# [Data for processing]
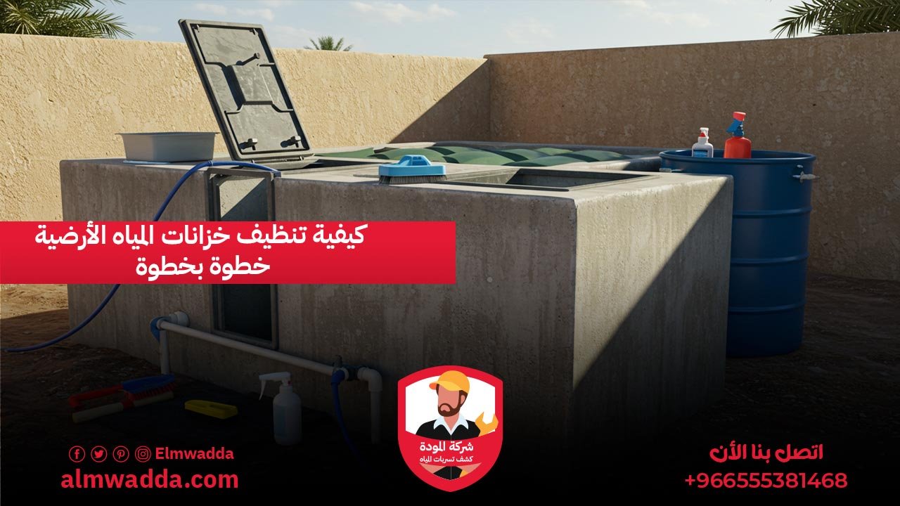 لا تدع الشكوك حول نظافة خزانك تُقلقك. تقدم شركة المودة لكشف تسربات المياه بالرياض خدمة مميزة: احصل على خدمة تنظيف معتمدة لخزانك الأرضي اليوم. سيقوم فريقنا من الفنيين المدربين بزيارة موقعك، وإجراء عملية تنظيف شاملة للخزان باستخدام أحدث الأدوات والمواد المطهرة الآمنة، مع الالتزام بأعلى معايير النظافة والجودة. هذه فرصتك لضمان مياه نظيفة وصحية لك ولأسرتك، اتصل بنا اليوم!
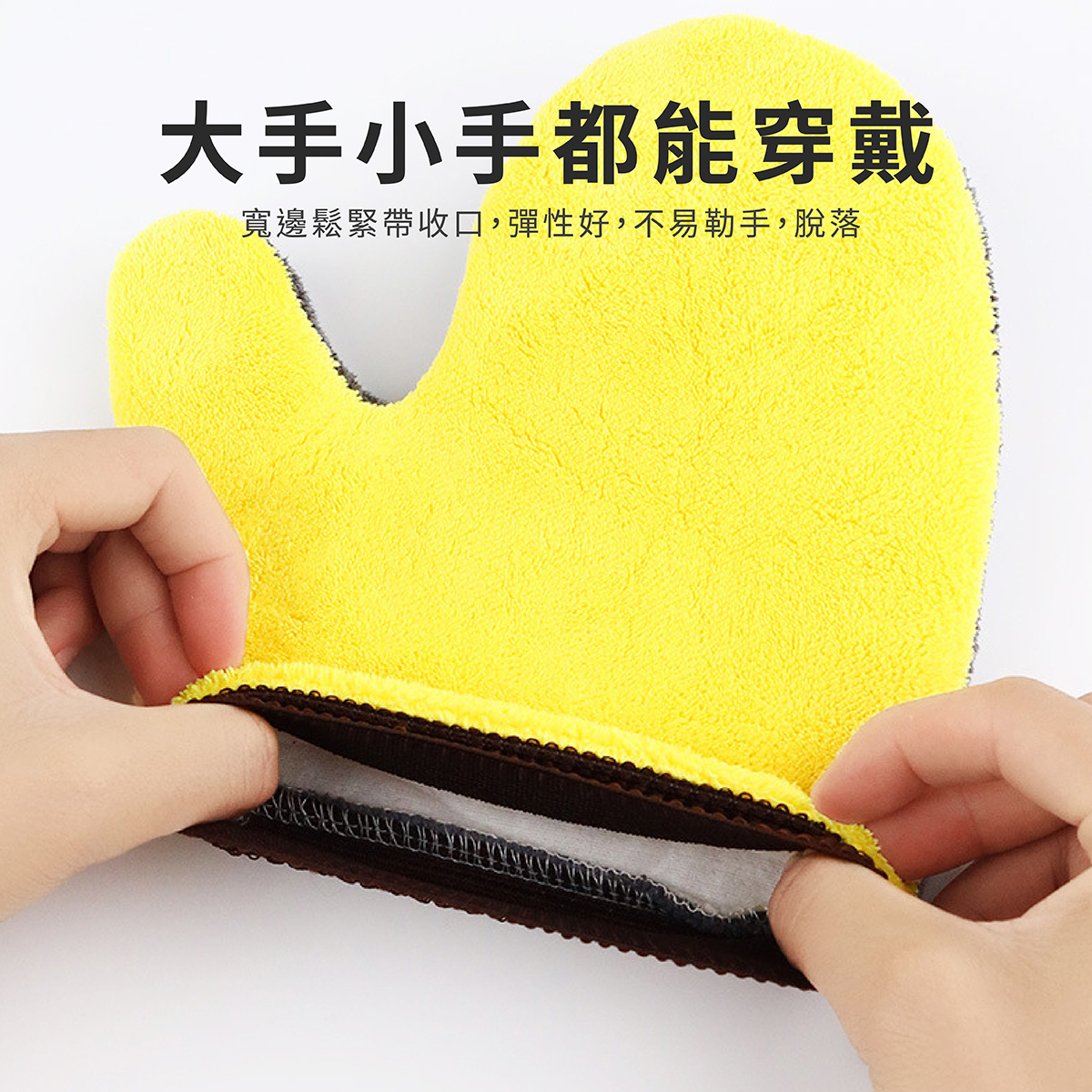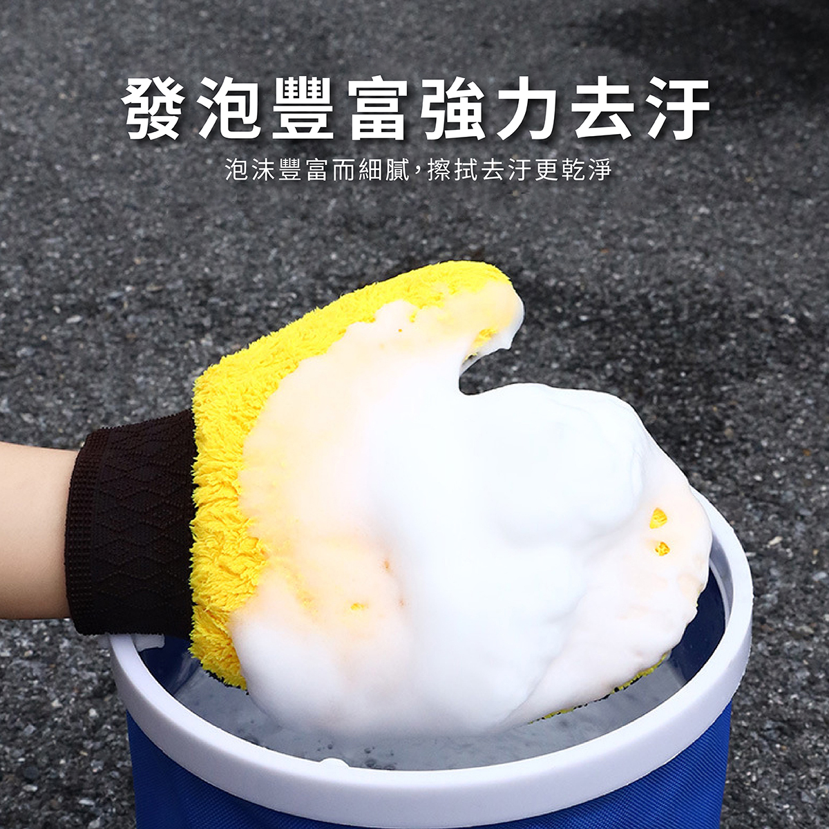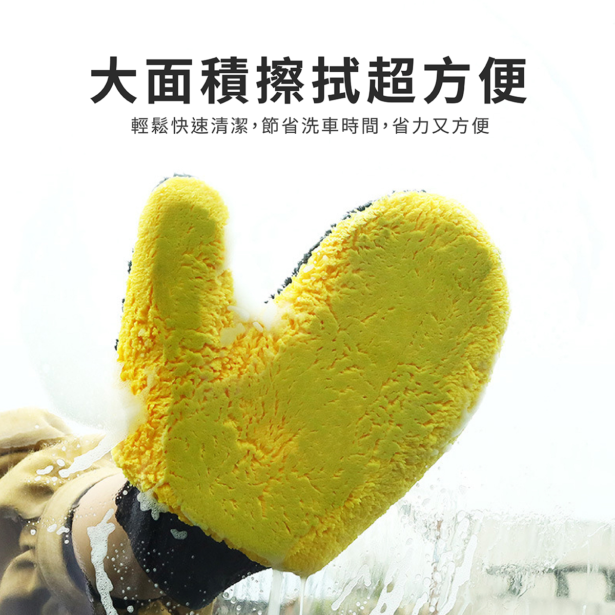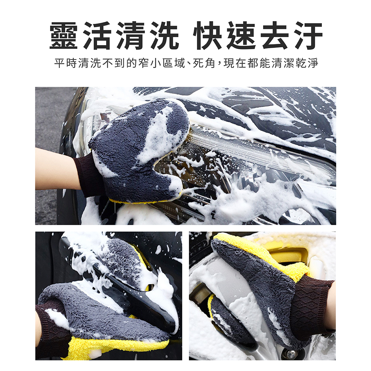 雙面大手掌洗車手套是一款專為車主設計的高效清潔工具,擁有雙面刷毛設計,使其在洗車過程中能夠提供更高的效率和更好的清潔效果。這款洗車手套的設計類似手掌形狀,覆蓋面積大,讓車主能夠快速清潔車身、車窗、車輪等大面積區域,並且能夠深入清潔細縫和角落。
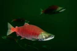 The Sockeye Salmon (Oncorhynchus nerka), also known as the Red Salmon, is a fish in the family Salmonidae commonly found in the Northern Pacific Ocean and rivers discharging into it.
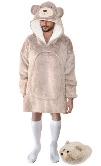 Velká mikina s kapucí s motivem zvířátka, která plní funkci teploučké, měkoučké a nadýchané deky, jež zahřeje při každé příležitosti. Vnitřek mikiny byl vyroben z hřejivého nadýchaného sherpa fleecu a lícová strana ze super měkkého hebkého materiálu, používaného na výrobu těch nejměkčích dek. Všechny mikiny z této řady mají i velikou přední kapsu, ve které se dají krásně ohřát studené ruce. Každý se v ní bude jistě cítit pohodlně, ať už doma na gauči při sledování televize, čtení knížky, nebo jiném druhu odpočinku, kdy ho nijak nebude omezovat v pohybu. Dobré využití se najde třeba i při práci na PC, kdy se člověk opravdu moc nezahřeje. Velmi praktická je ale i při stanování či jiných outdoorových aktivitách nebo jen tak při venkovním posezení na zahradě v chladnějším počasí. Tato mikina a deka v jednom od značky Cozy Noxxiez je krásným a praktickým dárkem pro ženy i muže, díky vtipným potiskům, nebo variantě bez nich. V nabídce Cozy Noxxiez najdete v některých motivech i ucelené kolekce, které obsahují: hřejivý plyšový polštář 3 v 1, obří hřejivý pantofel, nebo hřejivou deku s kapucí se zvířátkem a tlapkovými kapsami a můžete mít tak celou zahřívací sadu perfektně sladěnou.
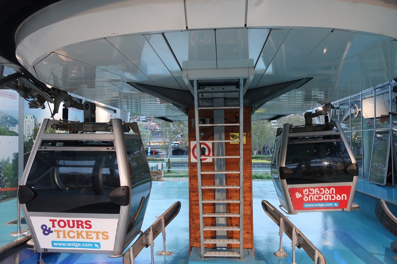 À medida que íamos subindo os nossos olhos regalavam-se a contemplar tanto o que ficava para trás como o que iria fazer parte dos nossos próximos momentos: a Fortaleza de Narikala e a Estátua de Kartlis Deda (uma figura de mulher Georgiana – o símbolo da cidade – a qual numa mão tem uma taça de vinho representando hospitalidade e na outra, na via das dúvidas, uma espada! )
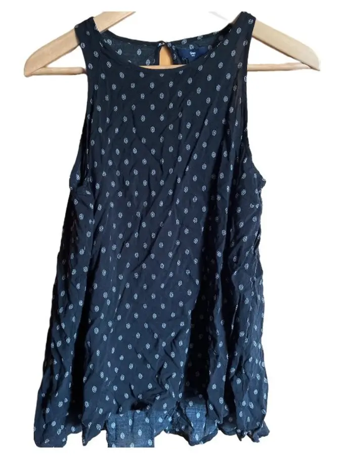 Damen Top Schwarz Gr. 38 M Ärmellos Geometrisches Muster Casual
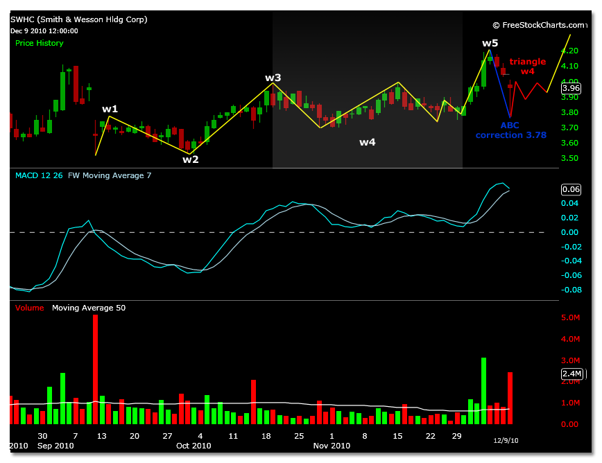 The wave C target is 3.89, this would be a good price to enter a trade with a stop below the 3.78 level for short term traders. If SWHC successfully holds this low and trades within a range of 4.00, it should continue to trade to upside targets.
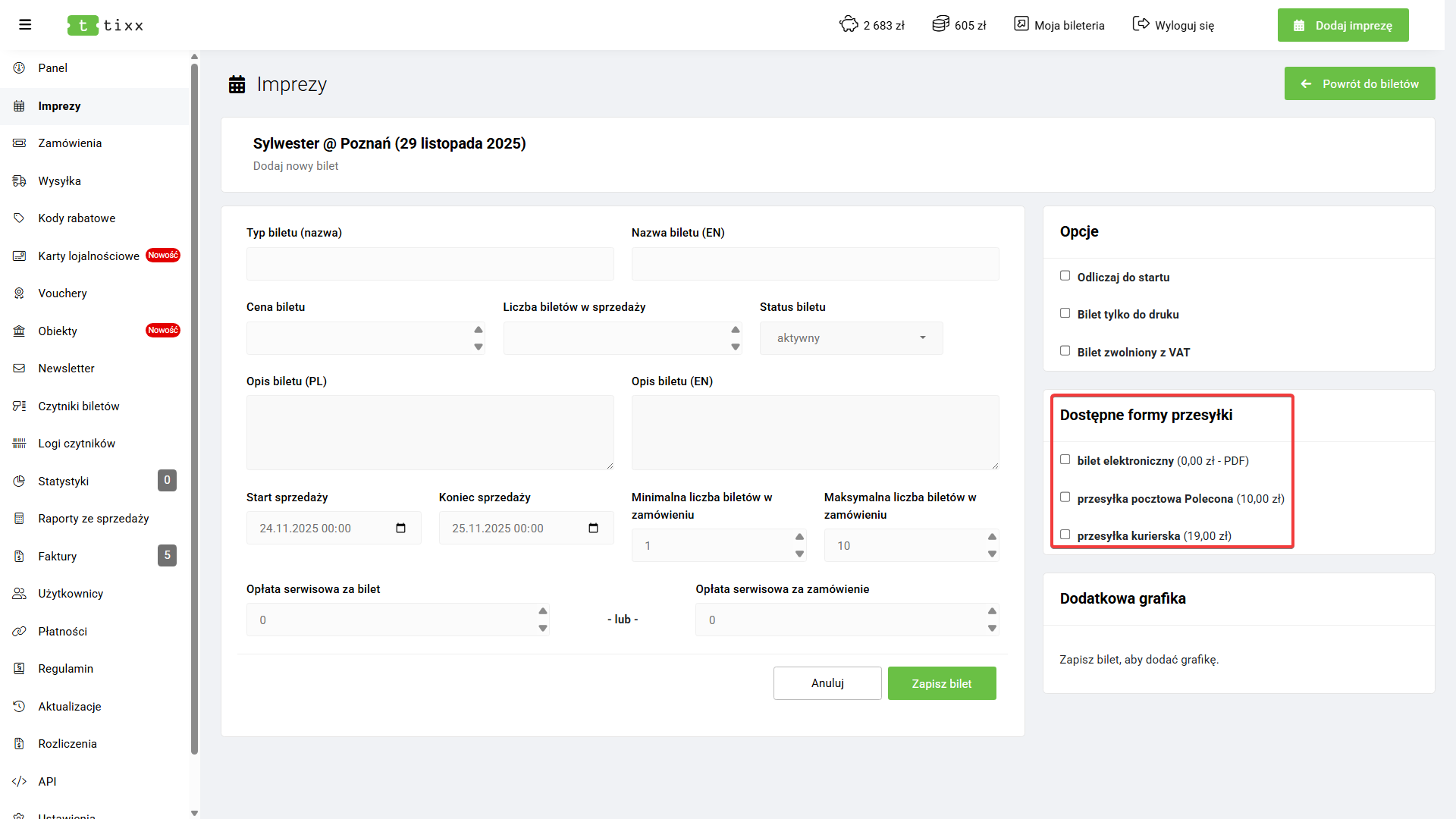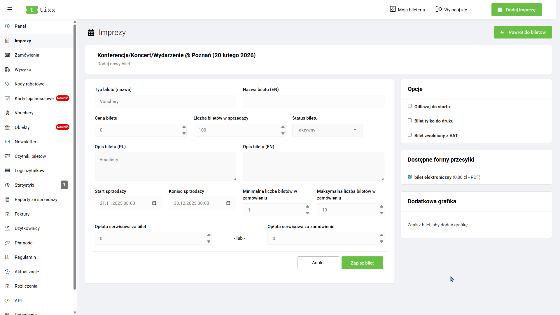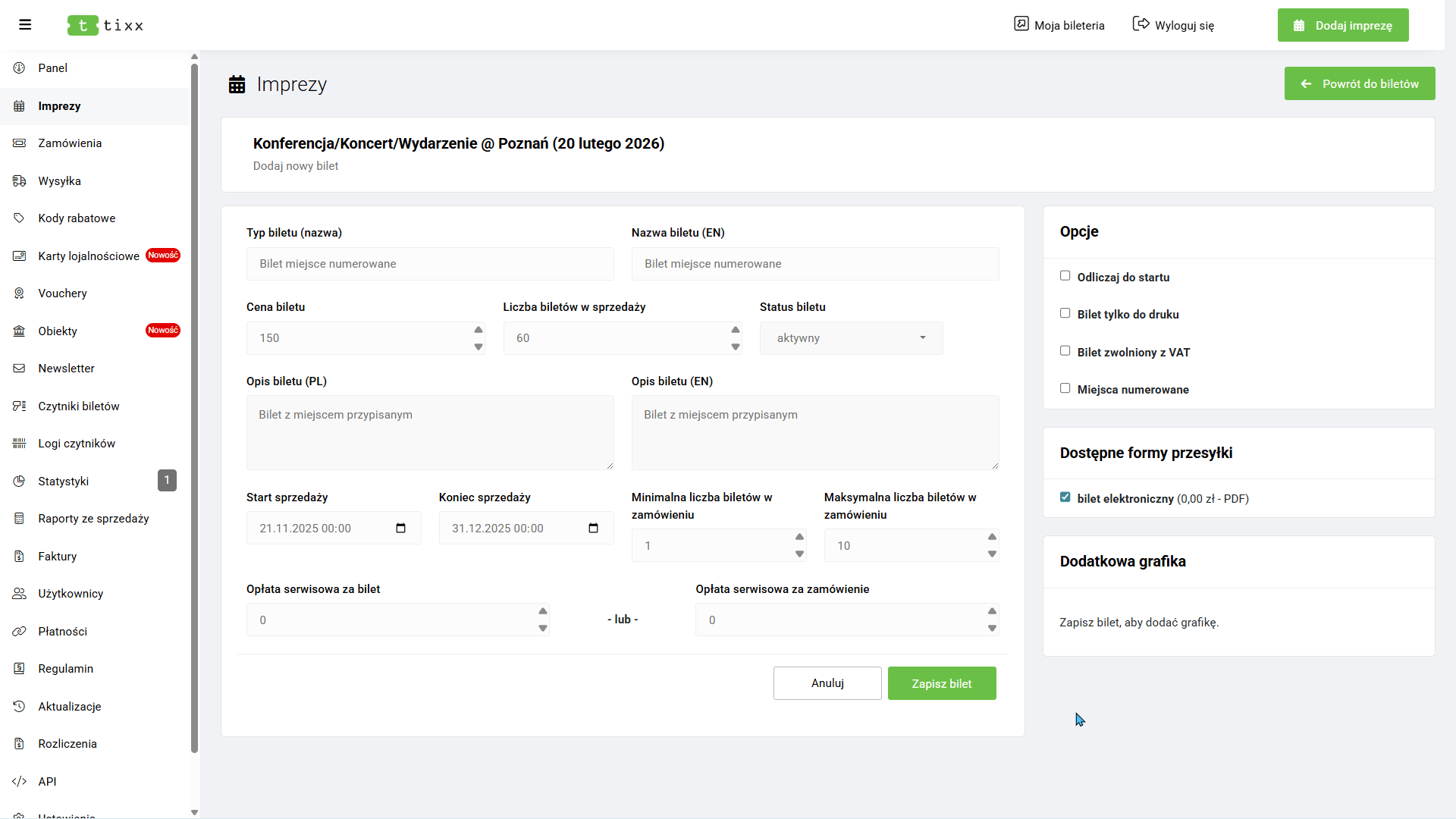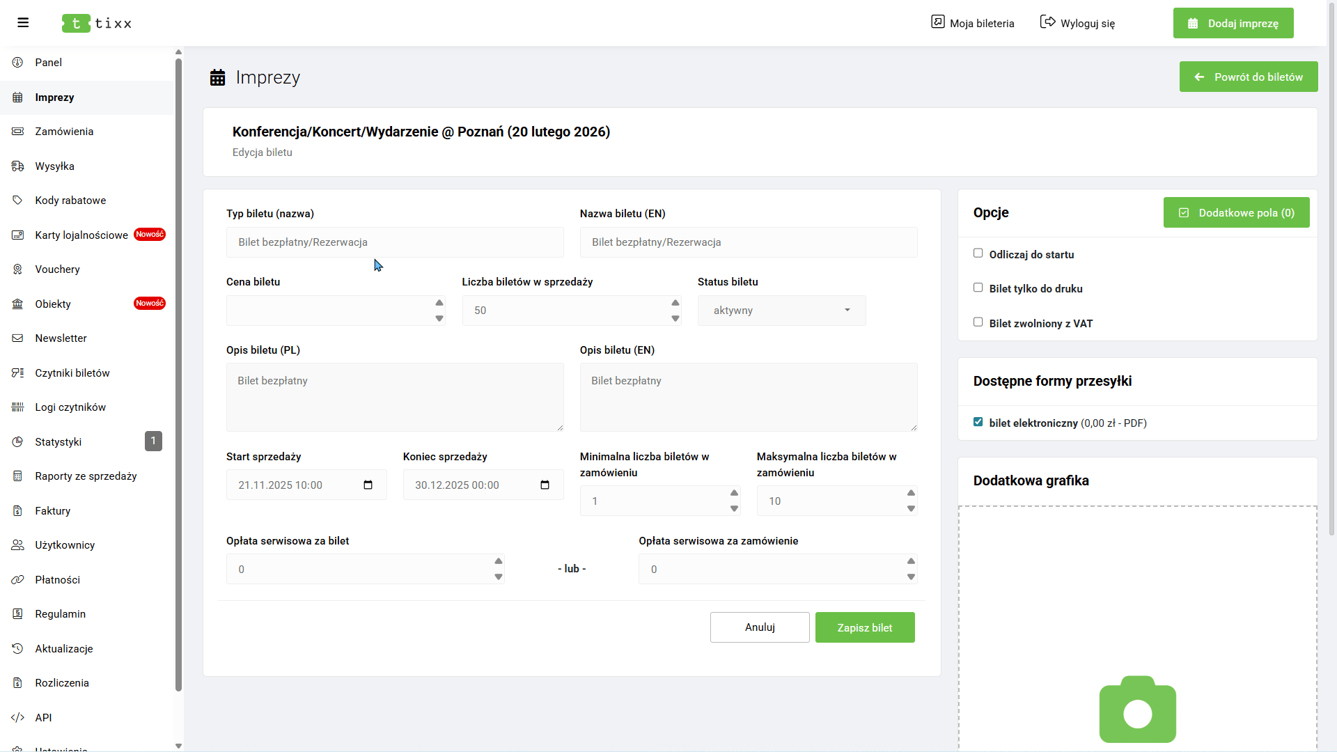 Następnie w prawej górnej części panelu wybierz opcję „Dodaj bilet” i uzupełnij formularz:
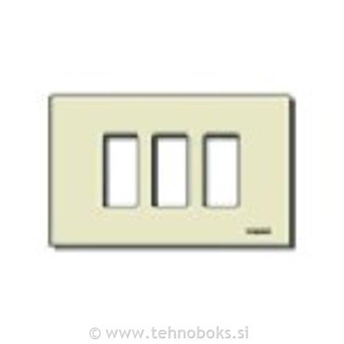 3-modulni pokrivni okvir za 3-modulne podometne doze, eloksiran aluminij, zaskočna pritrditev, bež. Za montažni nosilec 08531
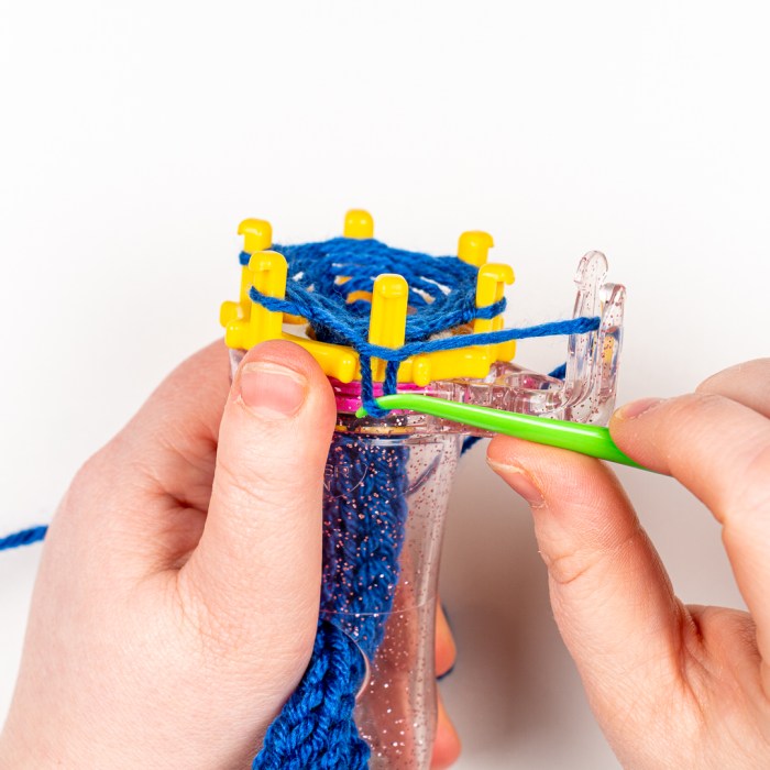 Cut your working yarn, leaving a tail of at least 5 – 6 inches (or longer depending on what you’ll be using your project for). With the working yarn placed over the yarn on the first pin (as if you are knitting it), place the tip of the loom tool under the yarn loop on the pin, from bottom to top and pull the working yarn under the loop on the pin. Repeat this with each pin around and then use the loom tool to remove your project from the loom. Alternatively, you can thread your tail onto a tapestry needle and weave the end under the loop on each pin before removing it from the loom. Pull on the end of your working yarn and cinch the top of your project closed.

# [What is being asked]
Write out exactly the lines above, from the very first through the line containing "雙面大手掌洗車手套是一款專為", both kept, with the pictures removed.

# [Solution to the exercise]
 لا تدع الشكوك حول نظافة خزانك تُقلقك. تقدم شركة المودة لكشف تسربات المياه بالرياض خدمة مميزة: احصل على خدمة تنظيف معتمدة لخزانك الأرضي اليوم. سيقوم فريقنا من الفنيين المدربين بزيارة موقعك، وإجراء عملية تنظيف شاملة للخزان باستخدام أحدث الأدوات والمواد المطهرة الآمنة، مع الالتزام بأعلى معايير النظافة والجودة. هذه فرصتك لضمان مياه نظيفة وصحية لك ولأسرتك، اتصل بنا اليوم!
 雙面大手掌洗車手套是一款專為車主設計的高效清潔工具,擁有雙面刷毛設計,使其在洗車過程中能夠提供更高的效率和更好的清潔效果。這款洗車手套的設計類似手掌形狀,覆蓋面積大,讓車主能夠快速清潔車身、車窗、車輪等大面積區域,並且能夠深入清潔細縫和角落。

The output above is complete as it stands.